• ASSIGNMENT:
Write out word for word each line of the records, beginning at the first and stopping after the line with "This is an aqua". Leave the pictures out.

• Source data:
◇ ◇ ◇ ◇ ◇
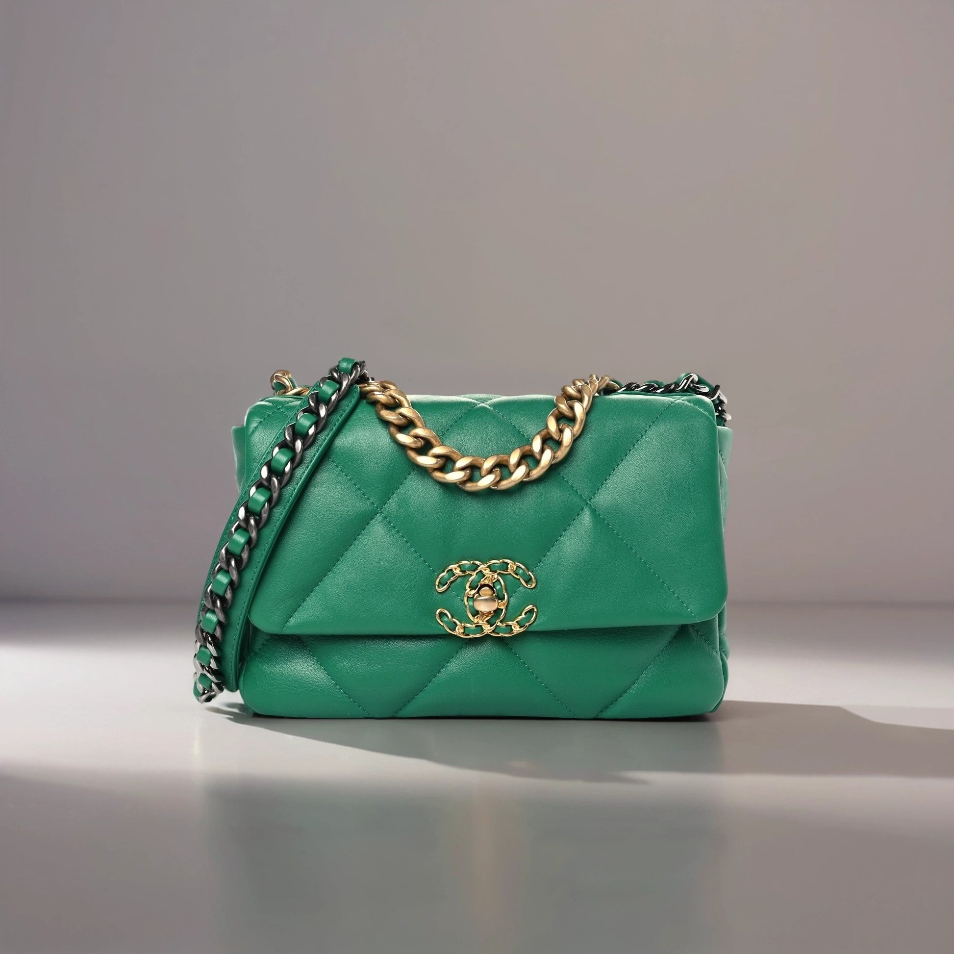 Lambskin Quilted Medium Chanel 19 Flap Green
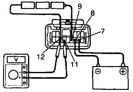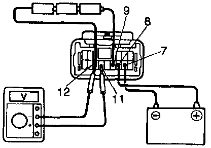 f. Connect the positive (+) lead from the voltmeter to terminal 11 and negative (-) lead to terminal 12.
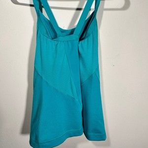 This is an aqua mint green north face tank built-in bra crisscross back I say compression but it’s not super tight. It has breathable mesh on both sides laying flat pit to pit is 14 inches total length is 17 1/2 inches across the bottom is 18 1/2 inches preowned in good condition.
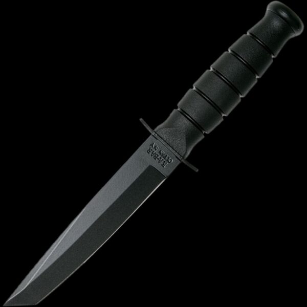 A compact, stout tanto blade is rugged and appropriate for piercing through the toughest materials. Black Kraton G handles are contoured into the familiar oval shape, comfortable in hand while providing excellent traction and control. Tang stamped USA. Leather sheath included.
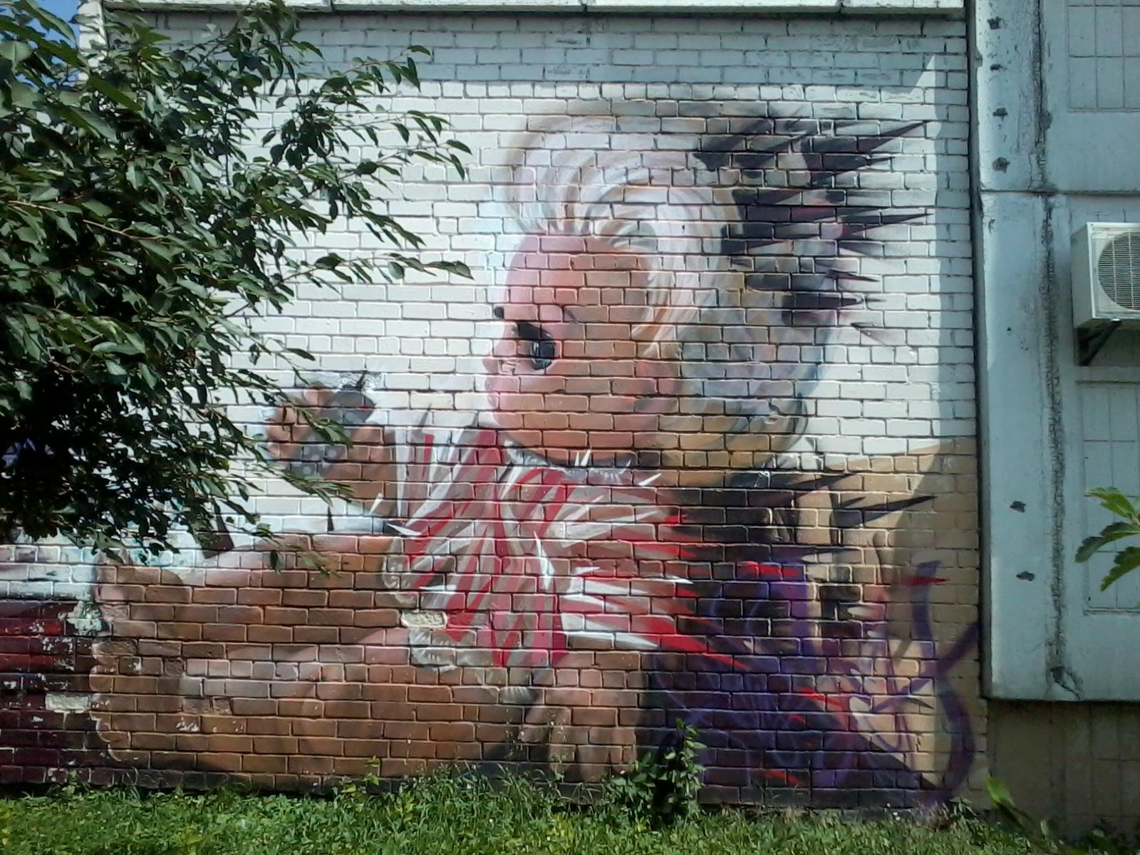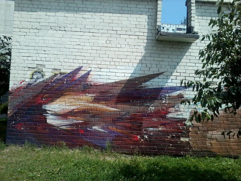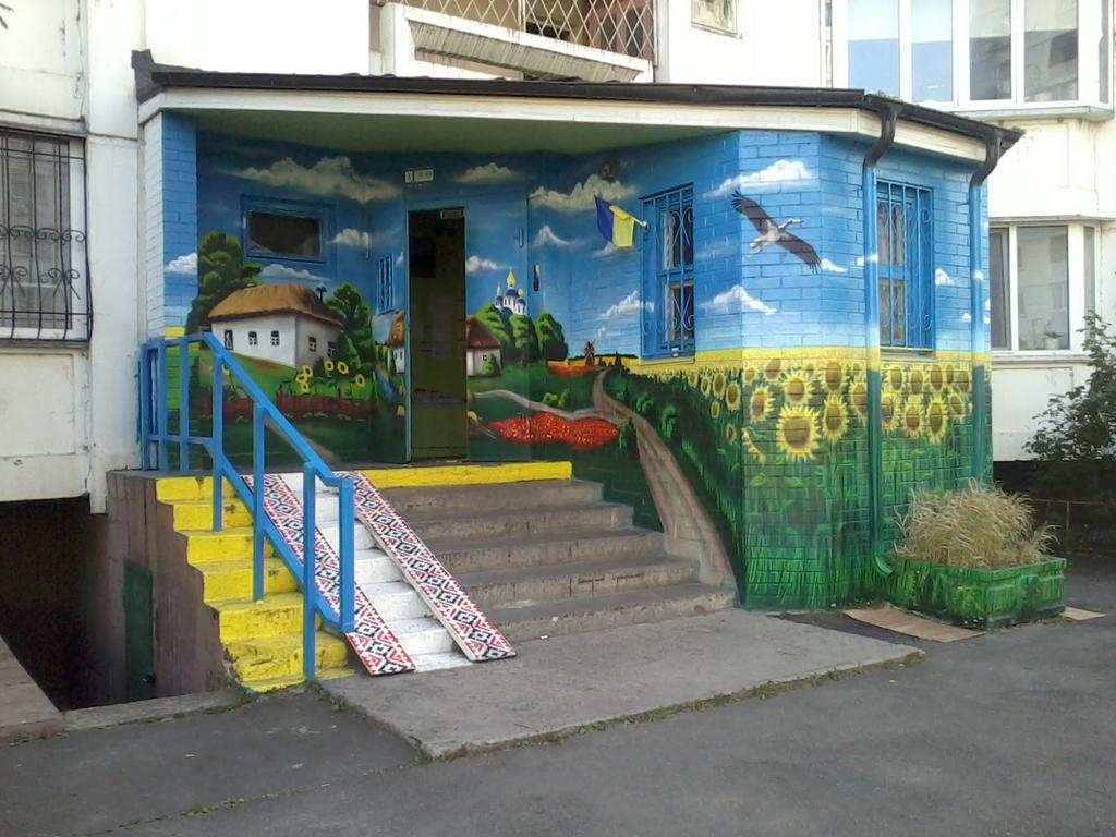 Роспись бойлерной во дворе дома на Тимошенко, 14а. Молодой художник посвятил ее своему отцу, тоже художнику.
◇ ◇ ◇ ◇ ◇
• EXPECTED ANSWER:
 Lambskin Quilted Medium Chanel 19 Flap Green
 f. Connect the positive (+) lead from the voltmeter to terminal 11 and negative (-) lead to terminal 12.
 This is an aqua mint green north face tank built-in bra crisscross back I say compression but it’s not super tight. It has breathable mesh on both sides laying flat pit to pit is 14 inches total length is 17 1/2 inches across the bottom is 18 1/2 inches preowned in good condition.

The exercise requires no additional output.